Nanosatellite Design Considerations for a Mission to Explore the Propellant Sloshing Problem

TL;DR

This paper discusses the design and analysis of a cubesat mission aimed at studying zero-gravity propellant sloshing using novel detection methods, simulations, and fluid dynamics models to improve spacecraft stability.

Contribution

It introduces a cubesat platform for fluid sloshing experiments, integrating novel computer vision detection and simulation techniques to enhance understanding of low-gravity fluid dynamics.

Findings

Successful numerical simulations of control algorithms.

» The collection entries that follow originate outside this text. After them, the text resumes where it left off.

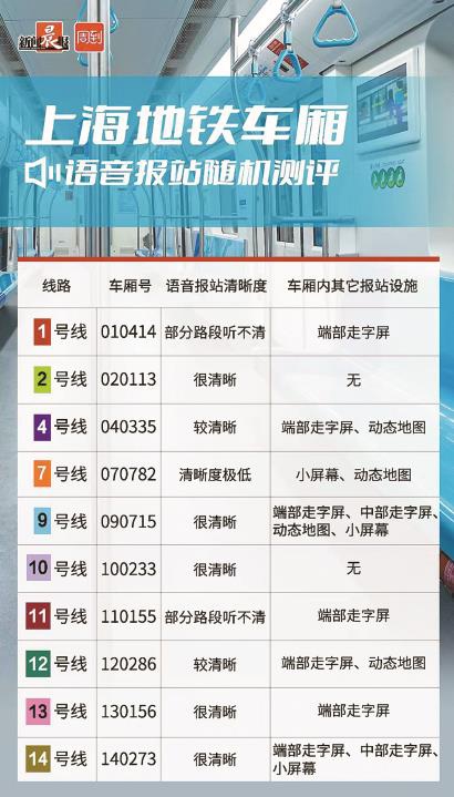 在4号线列车,记者听到3次播报信息,语音相对清晰。12号线语音播报声音也较清晰,且配有端部走字屏和动态地图。2号线车厢语音播报清晰,但车厢无走字屏。
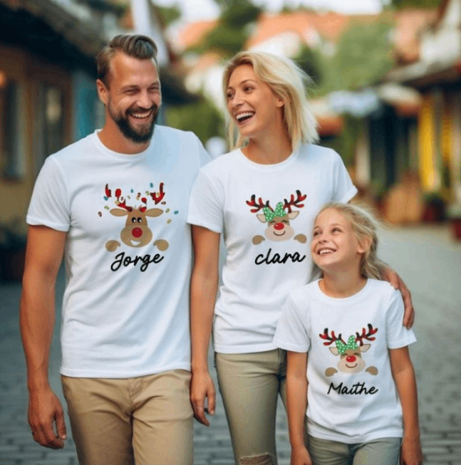 Préparez Noël avec style grâce à cet ensemble de vêtements et accessoires personnalisés. Parfait pour toute la famille, il inclut des t-shirts personnalisés Noël pour adultes, body pour bébé Noël une tasse personnalisé Offrez une touche unique à votre célébration avec des designs de rennes amusants et personnalisables pour chaque membre. Idéal pour créer des souvenirs inoubliables en famille et capturer des moments précieux. Un choix parfait pour des fêtes joyeuses et mémorables de noël !!
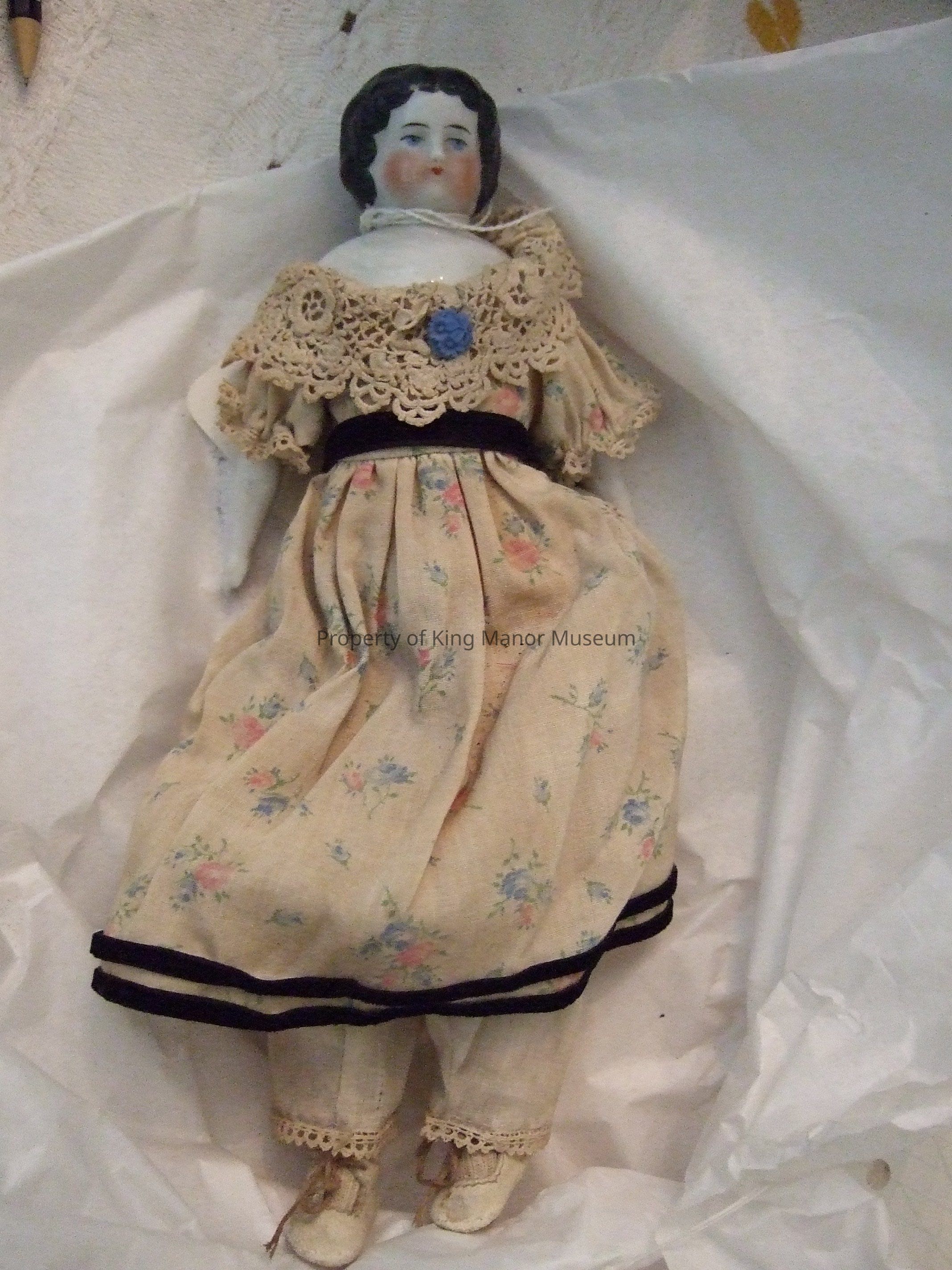 Doll with cotton body, white porcelain head, chest and arms; head is painted and glazed with black hair, blue eyes and pink cheeks and hear shaped mouth. Dressed in floral print cotton dress with 3/4 sleeves trimmed with lace, lace collar, and black velvet ribbon, around waist and sewn on at hem. Two back buttons on dress. Also wears slip, pantaloons trimmed at legs, white stockings and white leather shoes.
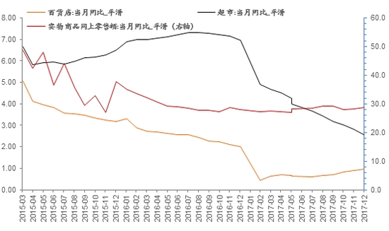 实物商品网购增速与超市、百货销售额增速
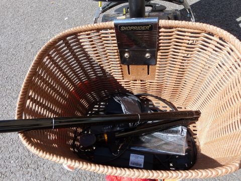 Ableworld motorised battery charged wheelchair with basket and walking stick
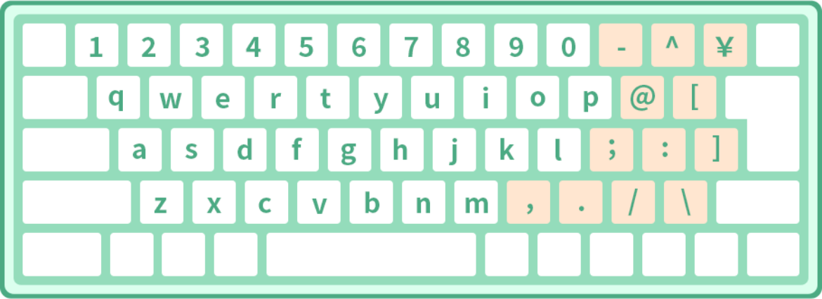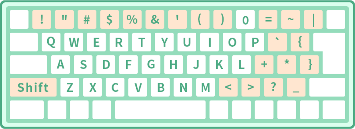 一部の記号はShiftキーを押しながらの入力が発生します。
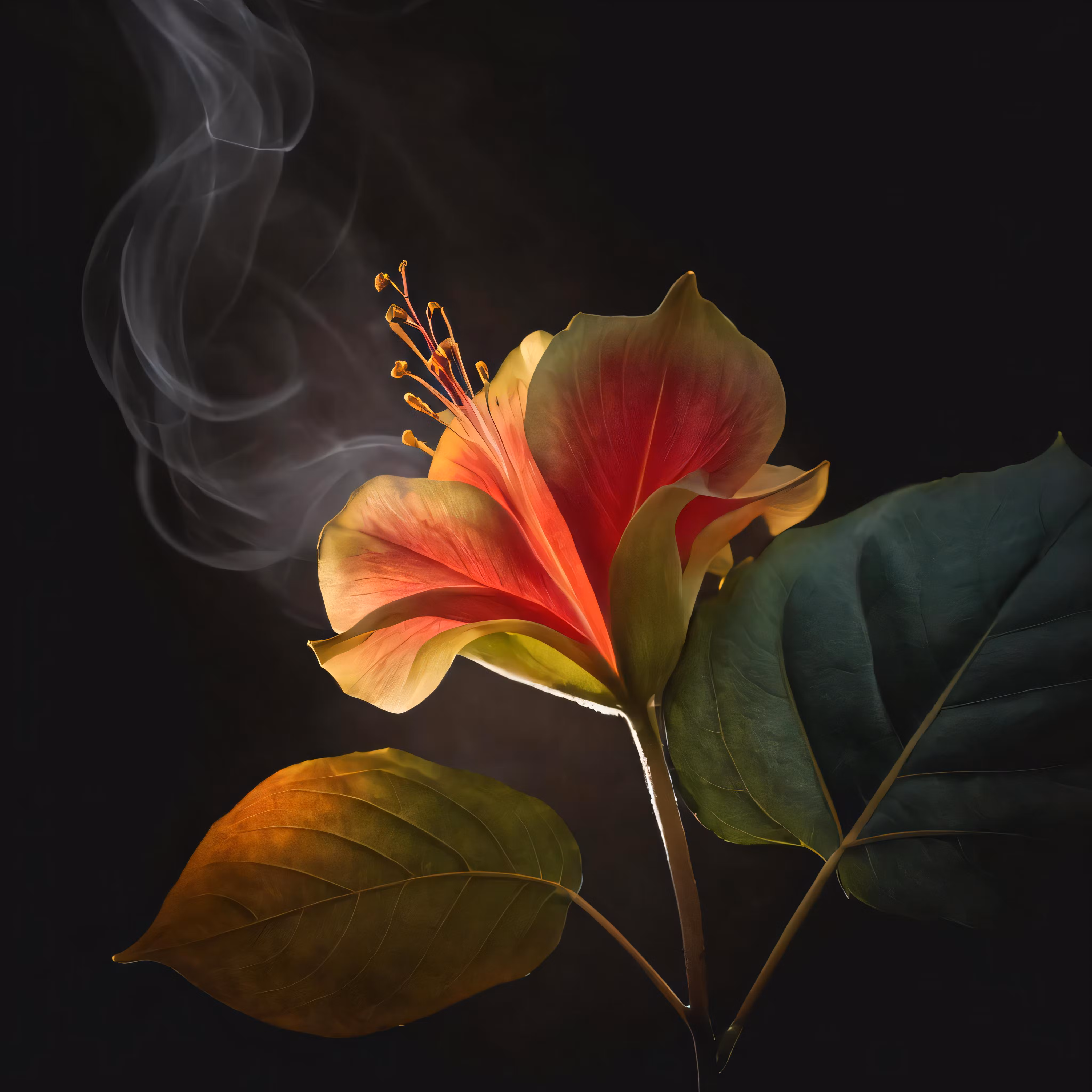 High resolution picture, free to use, the smoke rises above a flower as it rests on the stem

Design validation through CFD models.

Insights into propellant sloshing effects in microgravity.

Abstract

Sloshing Platform for In-Orbit Controller Experimentation is an ambitious, student run mission to design and fly a cubesat to study fluid sloshing in spacecraft. The project will examine zero-g propellant sloshing from an experimental standpoint. Despite the small size and limited payload capacity, we intend to use the cubesat platform to mimic larger spacecraft and implement novel detection and computer vision methods in our analysis. Many modern spacecraft rely on propellant-filled tanks to perform attitude control and station-keeping maneuvers. When a large percentage of the spacecraft's mass is comprised of liquid propellant, sloshing becomes a critical aspect of spacecraft attitude control and stability. The mission will study the tank/fluid dynamics using new methods to gain an enhanced understanding of low-gravity fluid disturbance effects and improve simulations using equivalent mechanical models (EMMs). Active control of the fluid leading to the reduction of propellant slosh settling times will improve the maneuverability and performance of spacecraft. This paper will focus on satellite payload research and design requirements used to inform other aspects of the SPICEsat design. In this paper, mission objectives will be discussed, numerical simulations for the proposed control algorithms are demonstrated, and a satellite experiment design is presented. Finally, we examine computational fluid dynamics models to validate the satellite design and propellant sensing components of the proposed spacecraft.